### ABOUT THIS TASK
Leaving out all pictures, return exactly the lines from the one that contains "Rabbitohs strongman Sam" through the end of the data below.
═══ DATASET
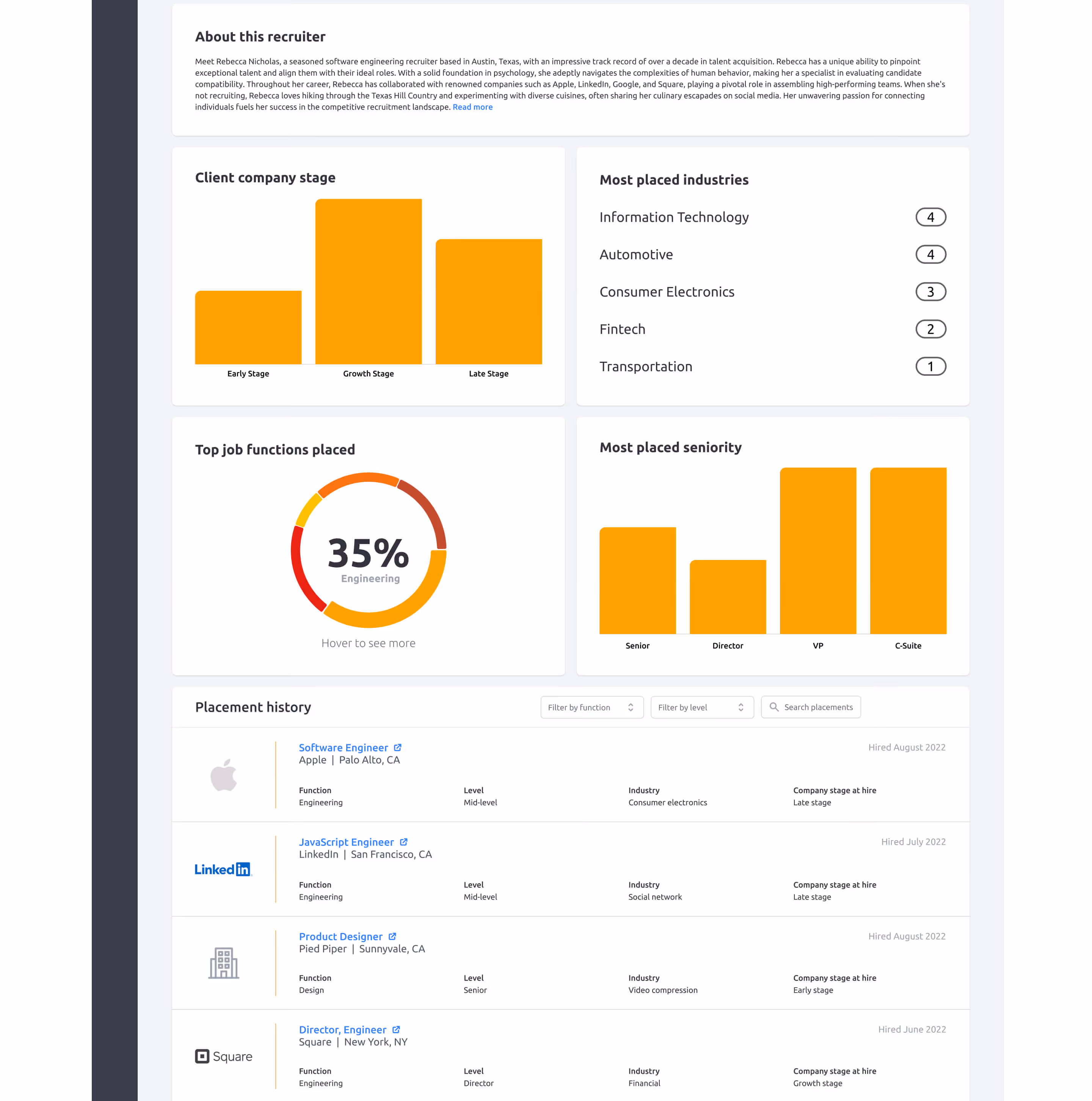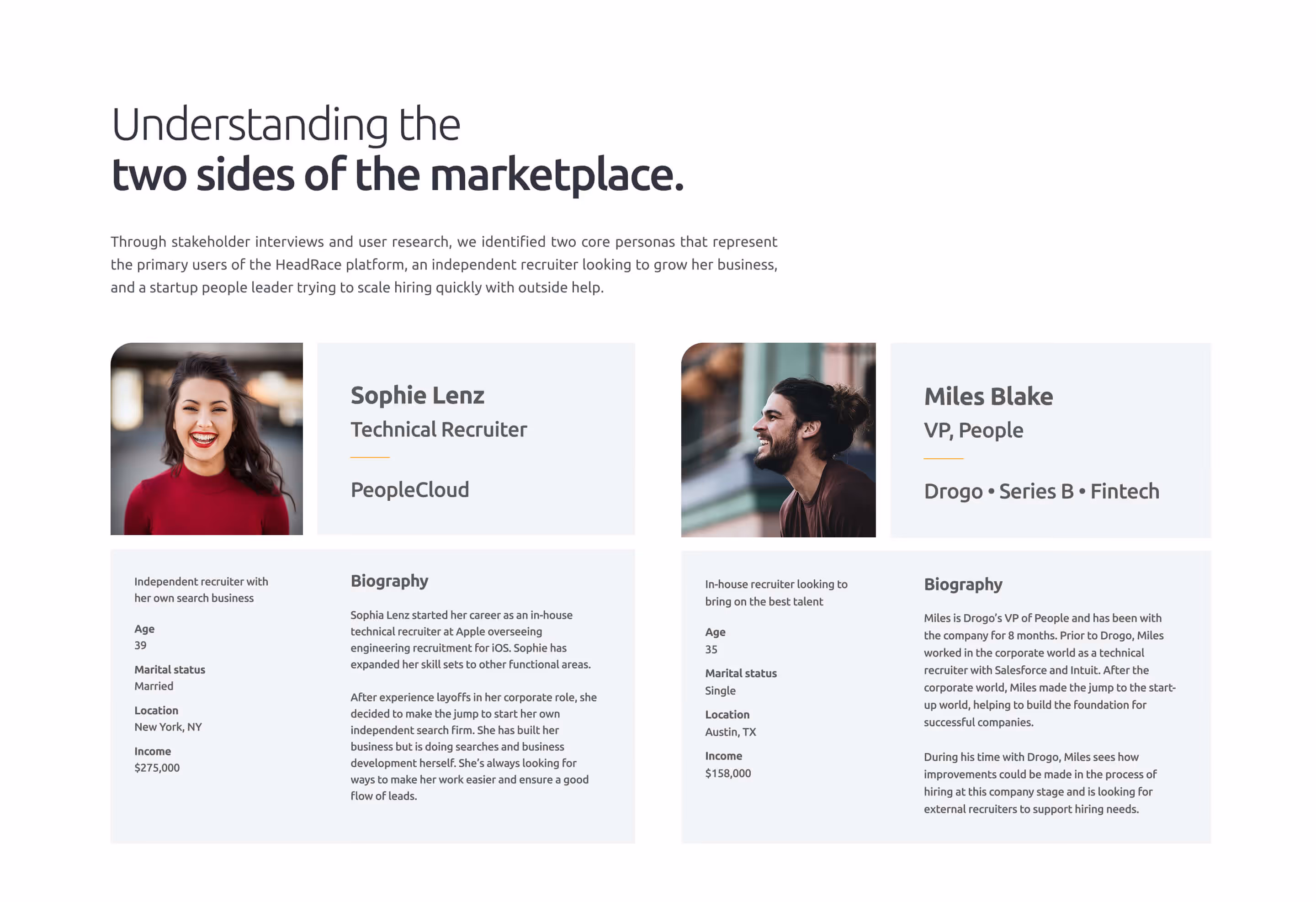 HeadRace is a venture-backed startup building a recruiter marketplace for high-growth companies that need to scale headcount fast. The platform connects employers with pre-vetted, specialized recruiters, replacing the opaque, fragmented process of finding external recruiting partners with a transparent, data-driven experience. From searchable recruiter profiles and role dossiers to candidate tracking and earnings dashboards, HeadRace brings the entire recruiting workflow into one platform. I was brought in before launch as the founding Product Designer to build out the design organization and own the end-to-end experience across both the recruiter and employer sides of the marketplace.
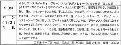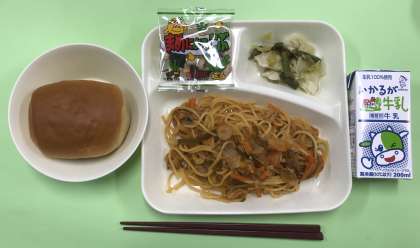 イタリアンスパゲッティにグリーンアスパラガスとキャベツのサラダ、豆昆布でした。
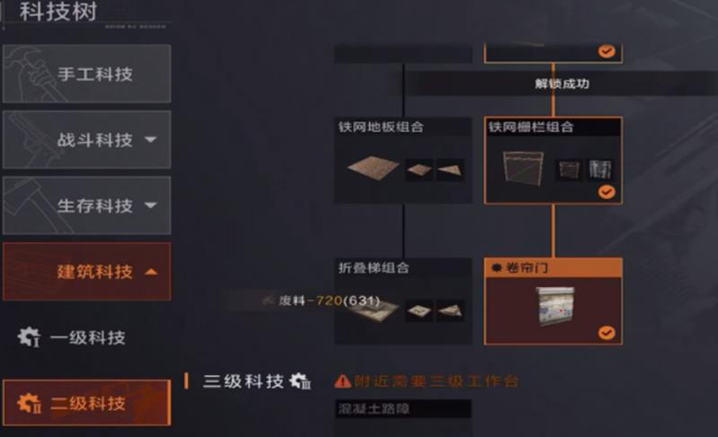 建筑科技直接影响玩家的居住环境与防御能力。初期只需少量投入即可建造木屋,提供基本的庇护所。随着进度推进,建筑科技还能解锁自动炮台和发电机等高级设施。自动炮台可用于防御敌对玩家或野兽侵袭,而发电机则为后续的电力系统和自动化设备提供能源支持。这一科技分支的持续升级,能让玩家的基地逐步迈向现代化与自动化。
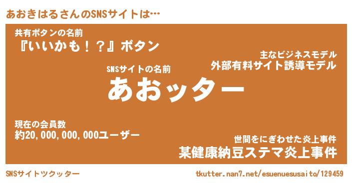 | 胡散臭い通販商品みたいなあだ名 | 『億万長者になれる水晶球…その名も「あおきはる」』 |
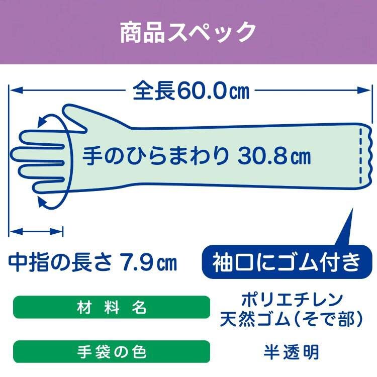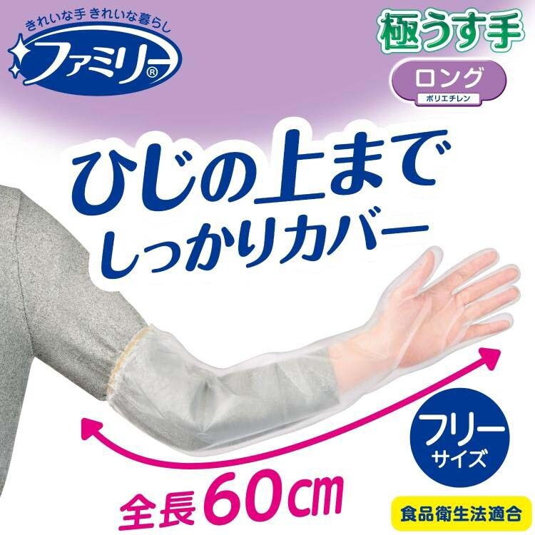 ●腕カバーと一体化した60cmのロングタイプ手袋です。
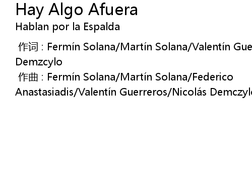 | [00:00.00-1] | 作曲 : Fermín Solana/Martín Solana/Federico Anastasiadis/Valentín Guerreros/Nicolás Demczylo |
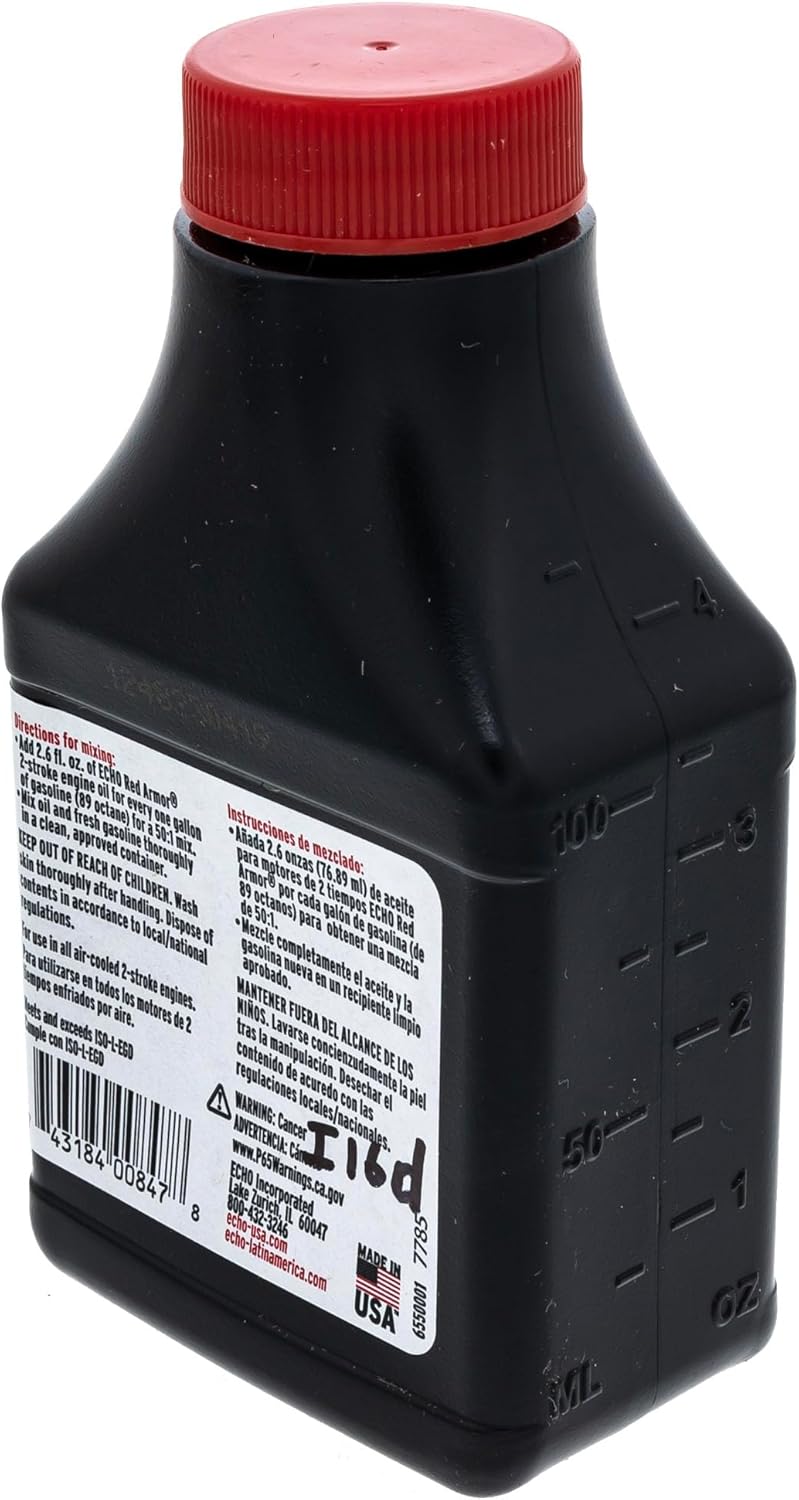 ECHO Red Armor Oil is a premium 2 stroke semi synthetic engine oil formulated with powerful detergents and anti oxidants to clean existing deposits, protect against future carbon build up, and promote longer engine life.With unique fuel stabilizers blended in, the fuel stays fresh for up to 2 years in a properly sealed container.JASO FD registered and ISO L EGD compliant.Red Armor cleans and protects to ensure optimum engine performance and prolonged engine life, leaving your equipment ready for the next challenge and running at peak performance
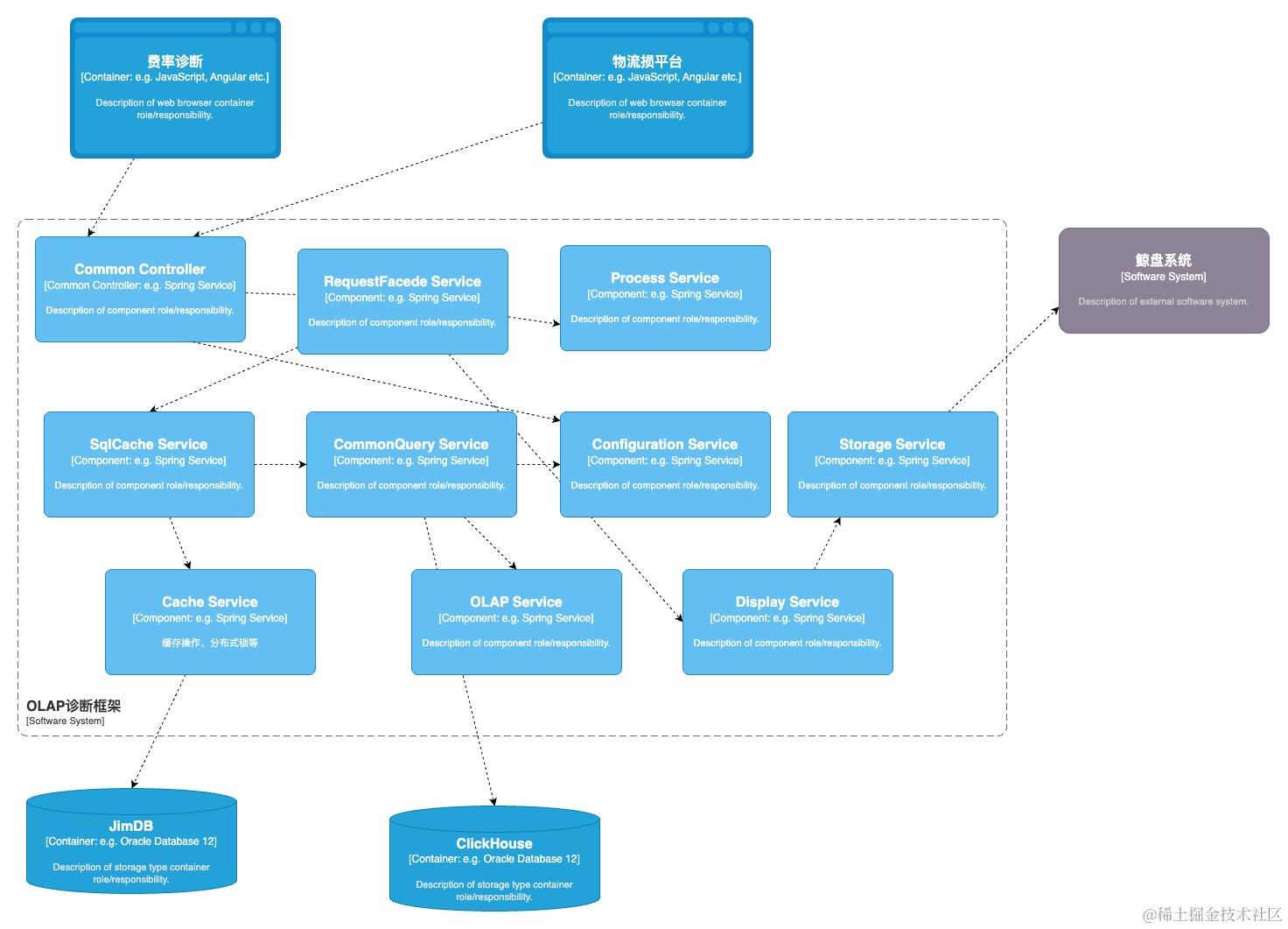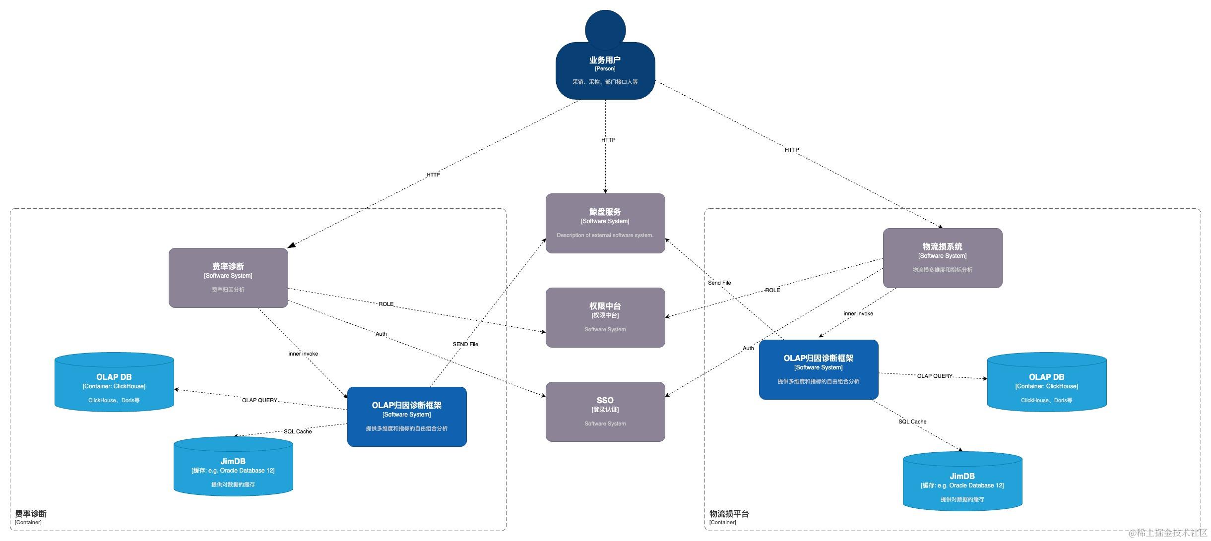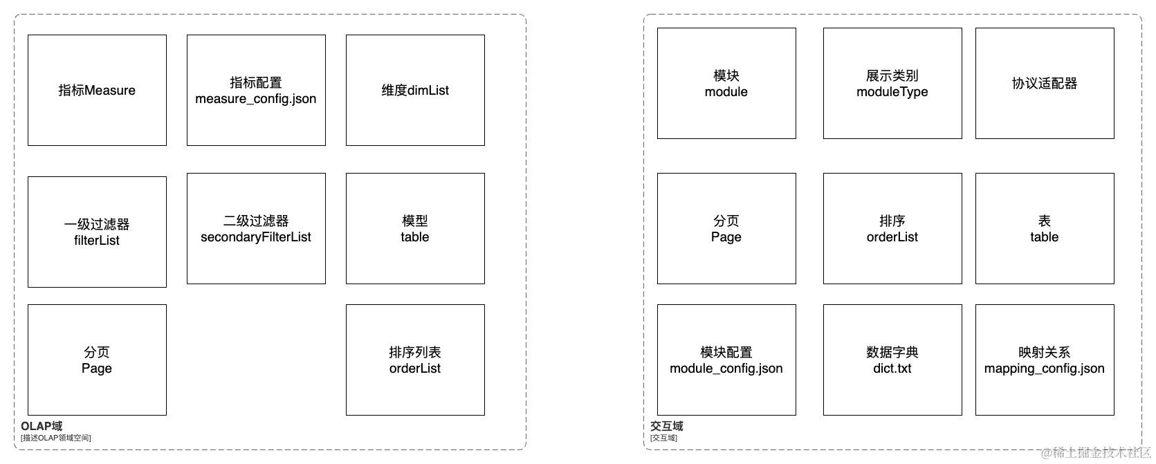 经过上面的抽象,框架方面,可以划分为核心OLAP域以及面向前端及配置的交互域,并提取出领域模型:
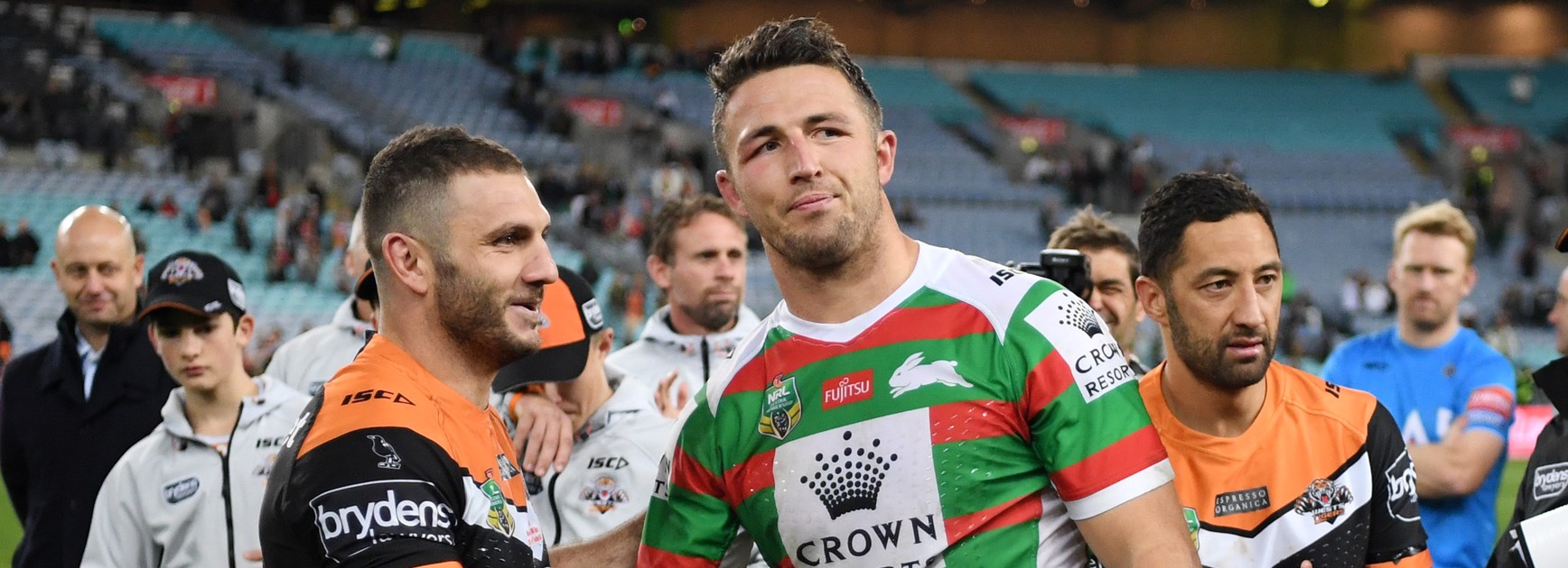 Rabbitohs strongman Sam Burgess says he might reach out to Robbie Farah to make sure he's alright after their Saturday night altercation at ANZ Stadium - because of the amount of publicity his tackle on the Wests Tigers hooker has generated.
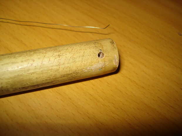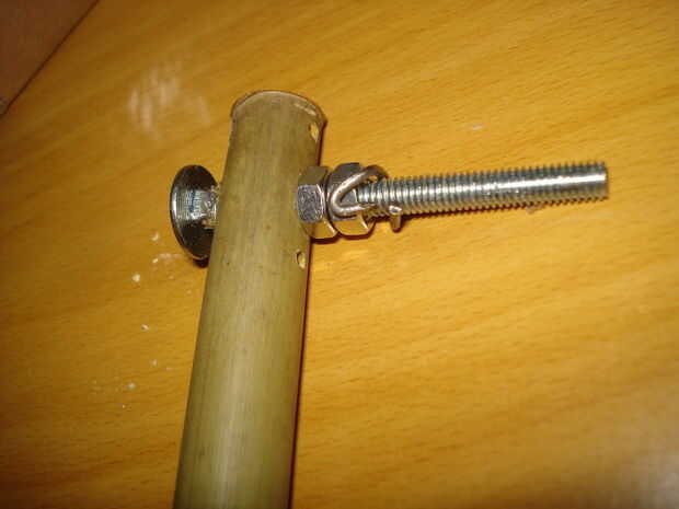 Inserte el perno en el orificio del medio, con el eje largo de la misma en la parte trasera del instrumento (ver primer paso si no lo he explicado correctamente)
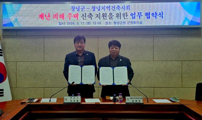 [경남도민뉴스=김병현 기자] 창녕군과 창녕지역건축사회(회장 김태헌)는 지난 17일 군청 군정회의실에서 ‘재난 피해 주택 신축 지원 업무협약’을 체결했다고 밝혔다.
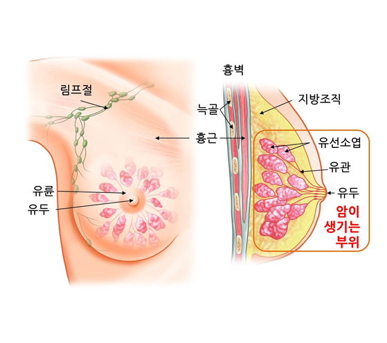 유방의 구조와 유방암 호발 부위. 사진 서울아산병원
══════
### EXERCISE RESULT
 Rabbitohs strongman Sam Burgess says he might reach out to Robbie Farah to make sure he's alright after their Saturday night altercation at ANZ Stadium - because of the amount of publicity his tackle on the Wests Tigers hooker has generated.
 Inserte el perno en el orificio del medio, con el eje largo de la misma en la parte trasera del instrumento (ver primer paso si no lo he explicado correctamente)
 [경남도민뉴스=김병현 기자] 창녕군과 창녕지역건축사회(회장 김태헌)는 지난 17일 군청 군정회의실에서 ‘재난 피해 주택 신축 지원 업무협약’을 체결했다고 밝혔다.
 유방의 구조와 유방암 호발 부위. 사진 서울아산병원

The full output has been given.